Sunday, September 9, 2007

Jorie Graham's "San Sepolcro" and Lisel Mueller on Bach




In this blue light / I can take you there

And to keep things balanced, here's a musical ekphrasis



Bach Transcribing Vivaldi—Lisel Mueller

One remembered the sunrise, how clearly it gave
substance and praise to the mountains of the world;
the other imagined twilight, the setting in blood,
and a valley of fallen leaves where a stranger might rest.

One avoided the forest and made his way through fields
where the sky was constant and clouds rang in his ears;
the other cut through the thicket, the thorns and vines
and was not touched, except by the dying of men.

One asked the road to the land of the golden lion
whose eyes never weep, whose lifted hand scepters
the seasons of stars and the grafting of generations;
the other searched from the kingdom of the lamb
with the trembling fleece, whose live unreasoning heart
consumes the mortal treasures of his loves.

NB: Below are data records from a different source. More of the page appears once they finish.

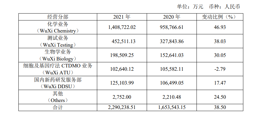 图为药明康德2021年五大业务板块营收情况(来源:药明康德年报)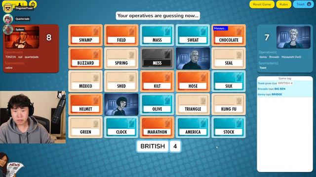 Disguised Toast plays Codenames with Jodi, Sydney, John, Brodin, Tenzin, Danny, Celine. 08/26/2022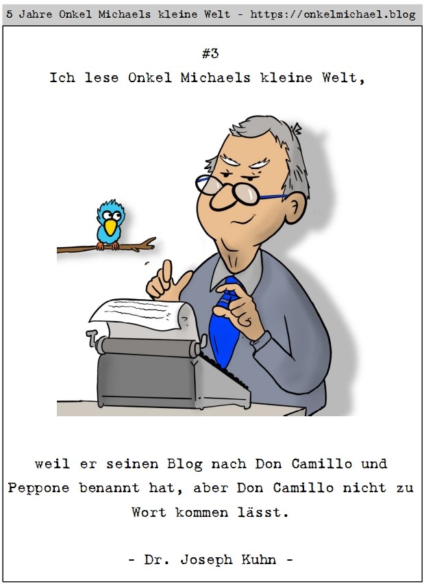 Ihr wisst ja, dass ich dieses Jahr meinen fünften Bloggeburtstag feiere. Um Euch die Wartezeit auf das Jubiläum zu verkürzen, habe ich ein paar liebe Freunde gefragt und die haben mir erzählt, warum sie Onkel Michaels kleine Welt lesen. Jeden Montag erscheint eines der Memes. Bisher erschienen die Memes von Cornelius Courts, Wolfgang Vahle, Joseph Kuhn, Ulrich Berger und Susanne Aust.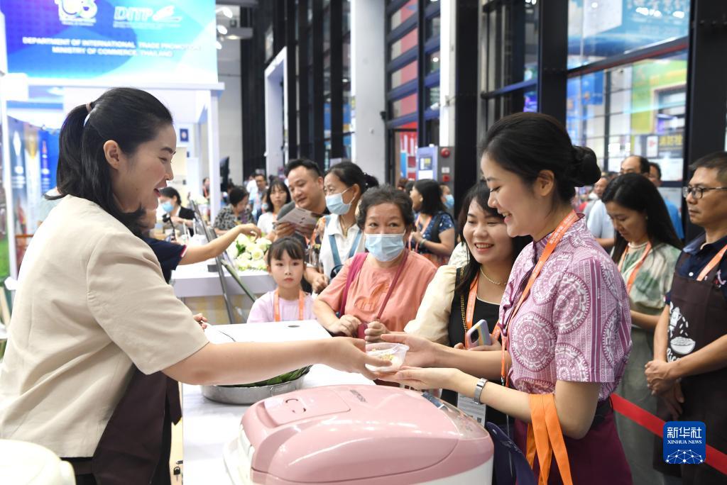 9月18日,在南寧國際會(huì )展中心,觀(guān)眾在泰國商品館排隊品嘗泰國香米。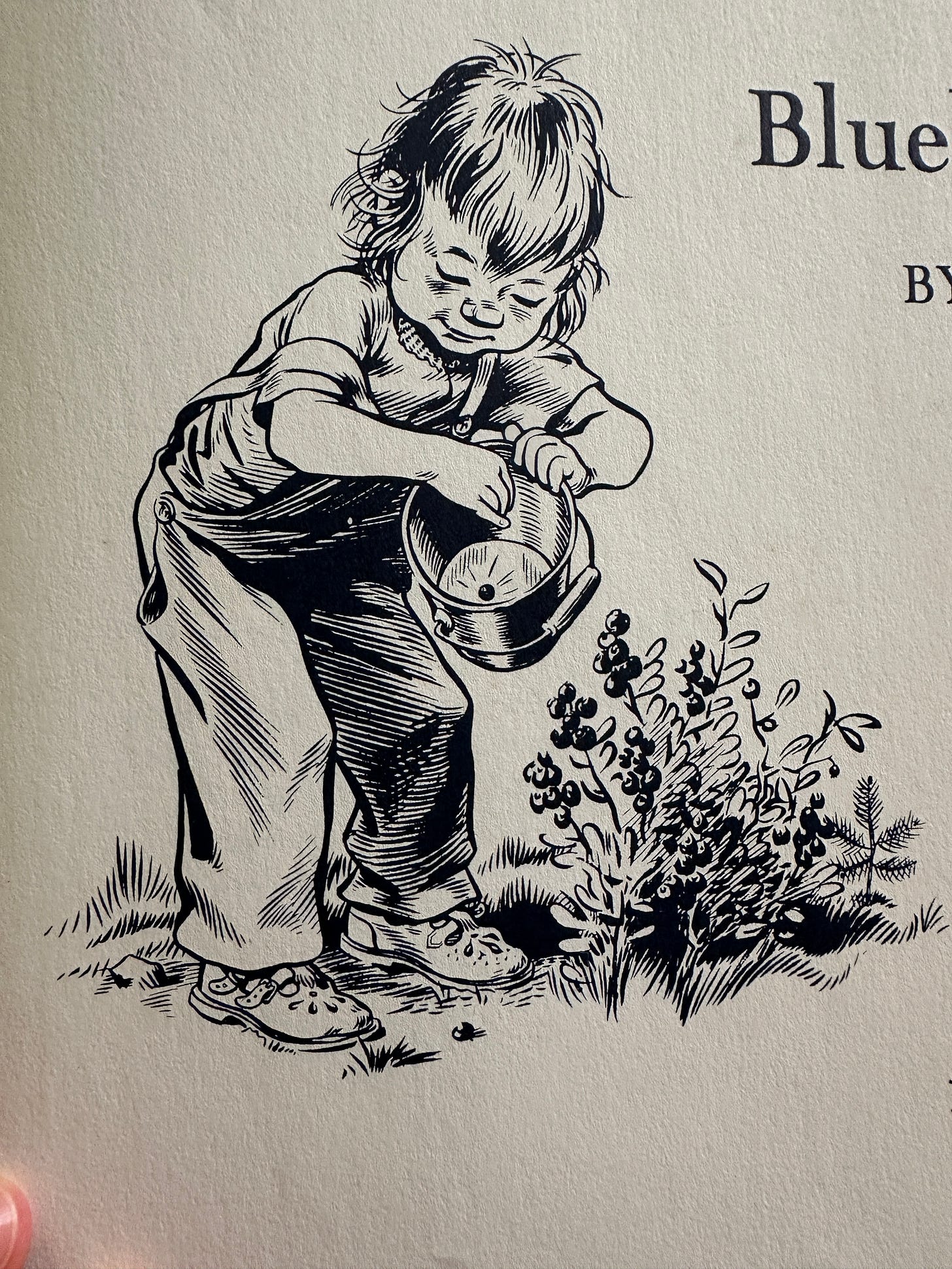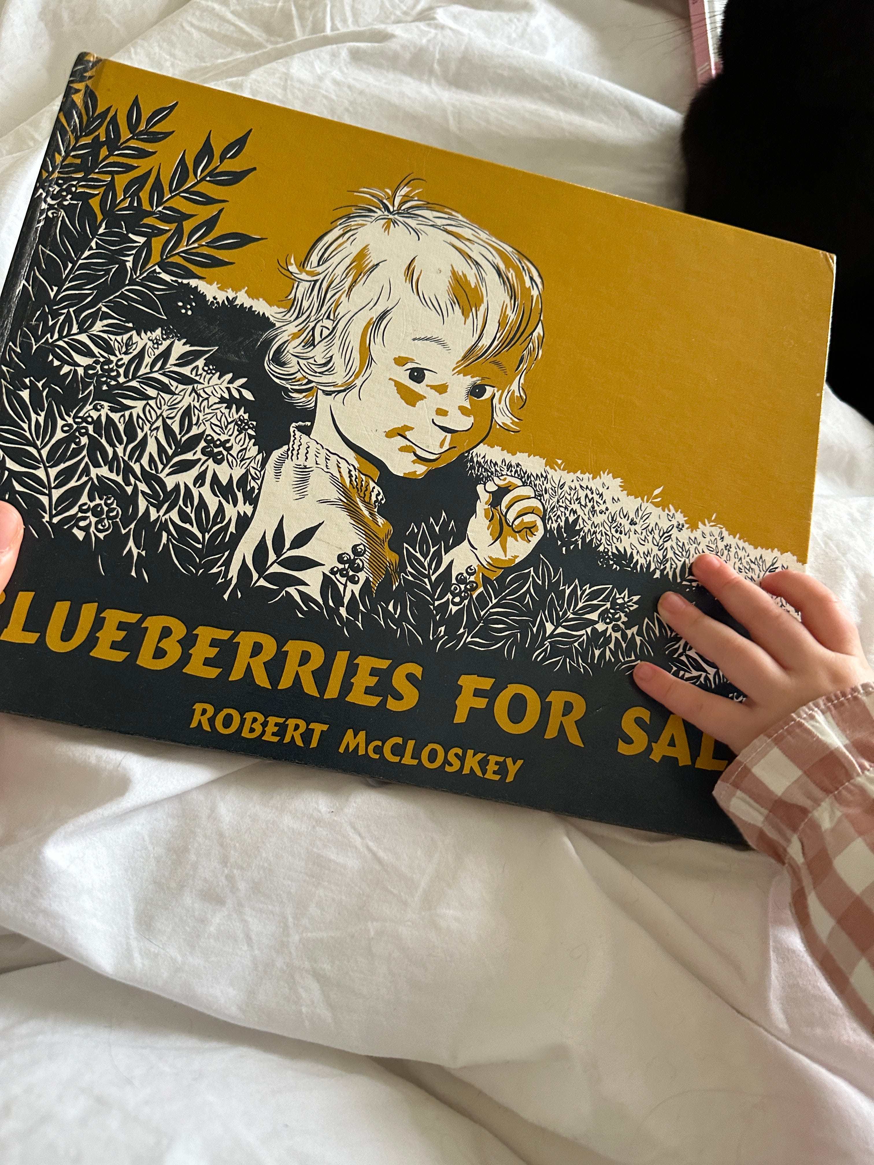 Our copy of Blueberries for Sal was gifted to Lilyan by my dear friend (and favorite performance artist) Madeleine Von Fromer.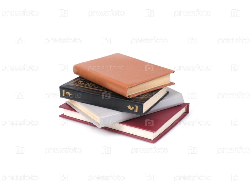 Куча книг в цветных обложках с белыми листами, изолированными на белом фоне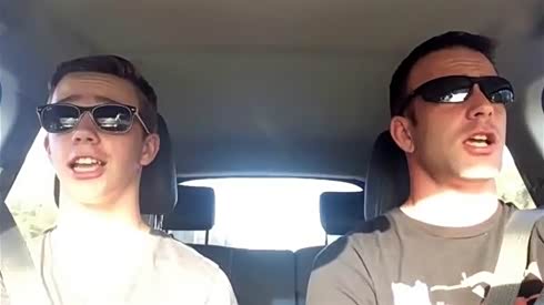 燃到爆 国外酷炫父子对口型车内假唱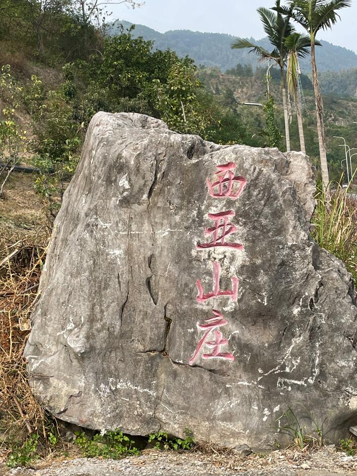 闲来无事,朋友的公司组织活动约我去荔波郊外的西亚山庄一起游玩。在阳光明媚的早上,我们一班人来到西亚⼭庄秋游,这里景⾊宜⼈。首先映入眼帘的是铿锵有力的四个大字——西亚山庄。运笔中省去尘世浮华以求空远真味的意味。

Still, at one point of the journey one must have seen
the afternoon dip and drop away into shade
and the other come to a place where the forest cleared
into white and violet patches of stars.

1 comment:

Majimox said...

It interests me that the fresco of the virgin that Graham refers to is not in fact at San Sepulcro, but Monterchi, another town in the area.

Has she made a mistake? Is it her intention to refer to the idea of the 'holy grave' and not the town? Does it matter one way or the other in any case?